Zwei Tage später, wir sind inzwischen im beschaulichen Chettinad mit seinen imposanten Kaufmannspalästen angekommen, holt uns das Festival erneut ein. Zunächst preist der Manager unseres kleinen Hotels mit warmen Worten eine speziell für Touristen konzipierte Veranstaltung am kommenden Abend an. Wir lehnen dankend ab. Das sind wir unserem Radfahrerstolz gegenüber den tiefgekühlt am tamilischen Alltag vorbeifahrenden Bustouristen schuldig – mindestens. Wir hatten ja schon viele Facetten des Originals. Warum dann diese authentischen Eindrücke durch den künstlichen Aufguss der Touristik-Industrie verwässern?

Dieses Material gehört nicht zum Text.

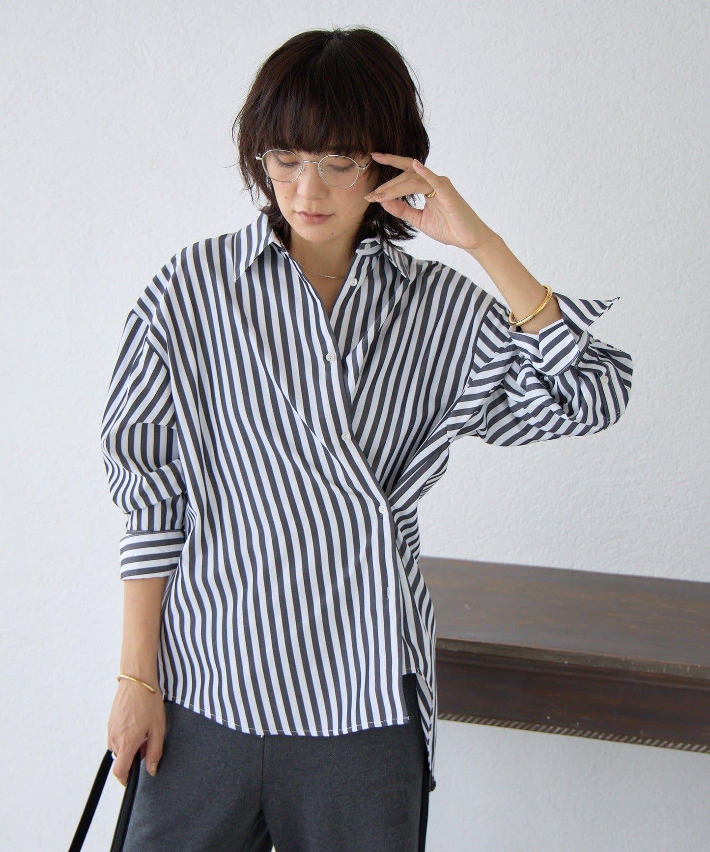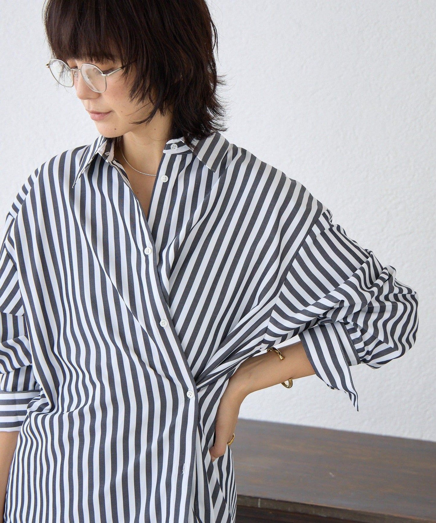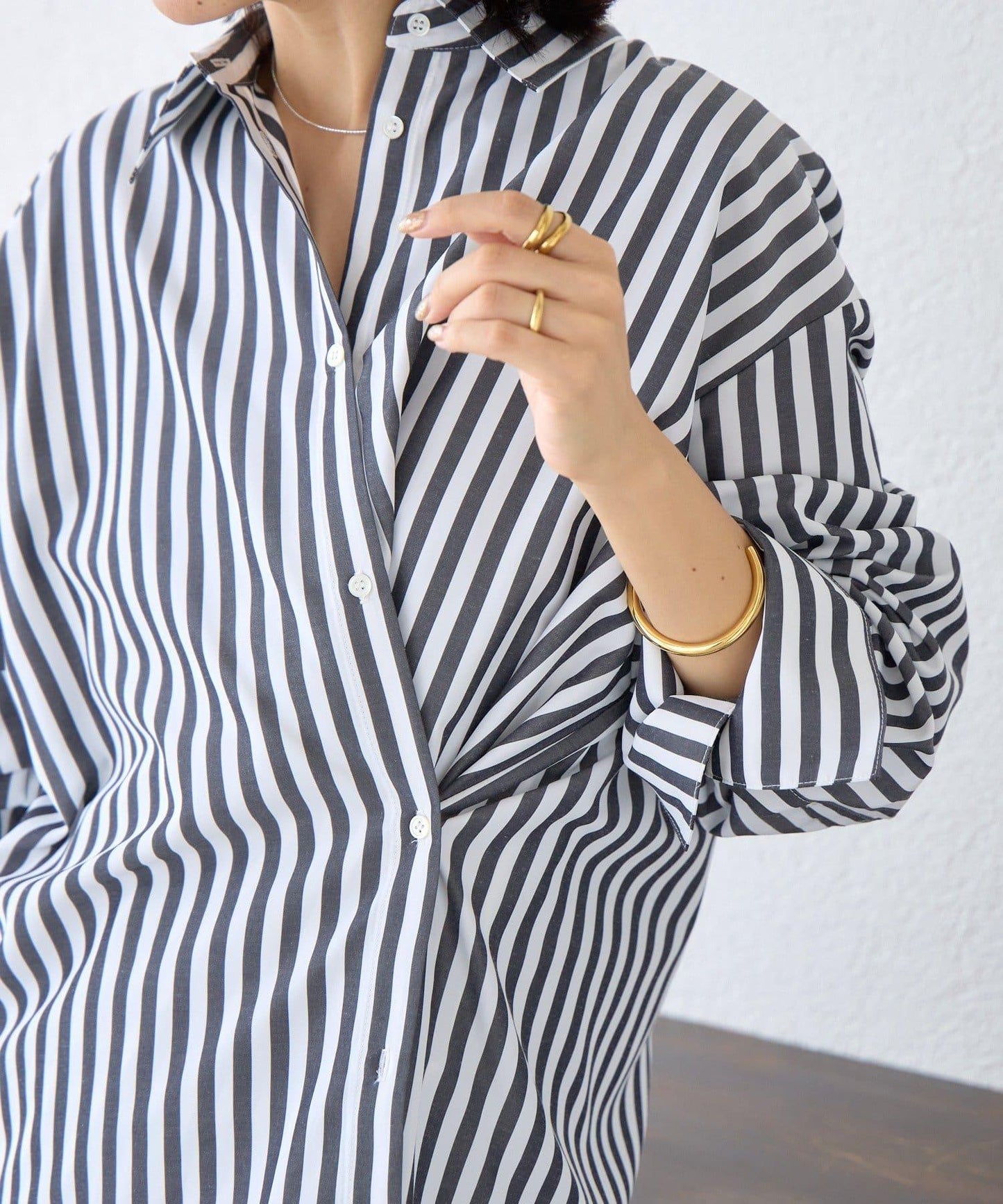 這是一款雙向條紋襯衫,也可作為藏青色設計穿著。

Nach einer sehr entspannten Nacht machen wir uns per Rad wieder auf den Weg, um eine in ganz Indien berühmte Fliesen-Manufaktur aufzusuchen. Wir erreichen diese kurz nach 10 Uhr am Morgen und alles wirkt sehr beschaulich. Ich befürchte schon, dass ich meinen Gästen diese Ikone handwerklicher Meisterschaft nicht werde zeigen können. Doch die mich gleich wieder erkennende freundliche Public Relations Managerin beruhigt mich. Soeben seien die ersten zwei Zweier-Teams aus ihrem Pongal-Urlaub wieder in der Manufaktur erschienen und würden nur für uns einige Unikate erzeugen. Wir sind beeindruckt von der handwerklichen und künstlerischen Meisterschaft dessen, was wir hier sehen dürfen. Jede einzelne Fliese wird von Hand gefertigt, 24 Stunden gewässert und dann sonnengetrocknet. Am Ende des Prozesses, der ohne das Brennen auskommt, stehen meisterliche Produkte mit einer lebenslangen Hersteller-Garantie. Am Nachmittag bewundern wir welche, die seit über 75 Jahren einen der Kaufmannspaläste zieren.

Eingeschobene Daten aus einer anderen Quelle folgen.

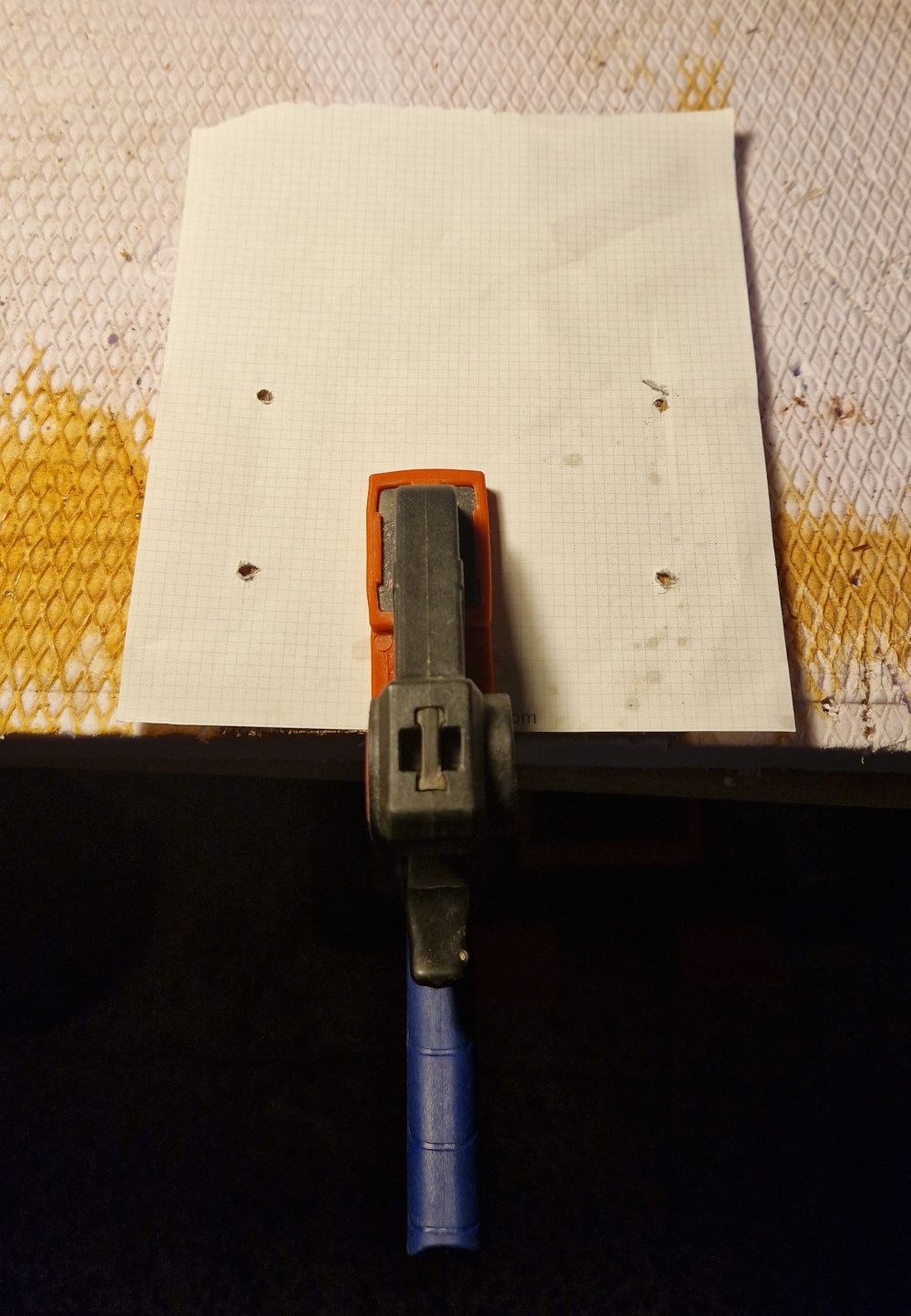 On fait semblant de rien et on continue à ajuster la feuille sur la plaque avec douleur, appréhension et un serre-joint:

Wirklich zum Nachdenken bringt uns jedoch eine völlig unbefangen und wie selbstverständlich vorgetragene Äußerung der jungen Dame während unserer Führung durch die Manufaktur. Heute ist Dienstag, Pongal ist seit zwei Tagen vorbei und damit auch die offizielle Freistellung. Und sie freut sich, dass heute die ersten Mitarbeiter in den Betrieb zurückkehren und die Produktion langsam zumindest teilweise wieder aufgenommen wird. Da muss sich der aus dem Westen Angereiste erst einmal schütteln. Nach Weihnachten oder Neujahr kommen die Arbeiter also dann wieder zurück an ihren Arbeitsplatz, wenn alle familiären Feierlichkeiten beendet und die Freunde wieder aufgebrochen sind. Das kann einige Tage, aber auch mehr als eine Woche sein. Und das Management des Betriebes freut sich über jeden wieder die Arbeit Aufnehmenden, begrüßt ihn lächelnd und erkundigt sich nach den Lieben. Kein Gedanke an Produktionsausfall, Abmahnung oder Schlimmeres.

Am nächsten Tag auf unserem weiteren Weg nach Madurai durchfahren wir bei Mellur eine Gegend, die berühmt ist für ihre Steinbrüche, ihre Marmor-, Granit- und Zementprodukte. Es ist eine extrem mit Feinstaub belastete Umgebung, auf den Straßen begegnen wir sonst wahren Ungeheuern von Transportern. Nicht so heute. Es herrscht noch komplette Betriebsruhe. Nie war es schöner, hier mit dem Fahrrad durch zu fahren, obwohl auch hier die Produktion bereits den dritten Tag wieder hätte laufen müssen, wie wir auf Nachfrage erfahren. Ja, Pongal sei seit Menschengedenken das Fest der Familie und die Familie das Zentrum der Gesellschaft. Von daher ist es für alle unsere tamilischen Gesprächspartner nur logisch, ja anders schlichtweg nicht vorstellbar, zu dieser Zeit jedem die Zeit für sich und seine Familie einzuräumen, die er benötigt.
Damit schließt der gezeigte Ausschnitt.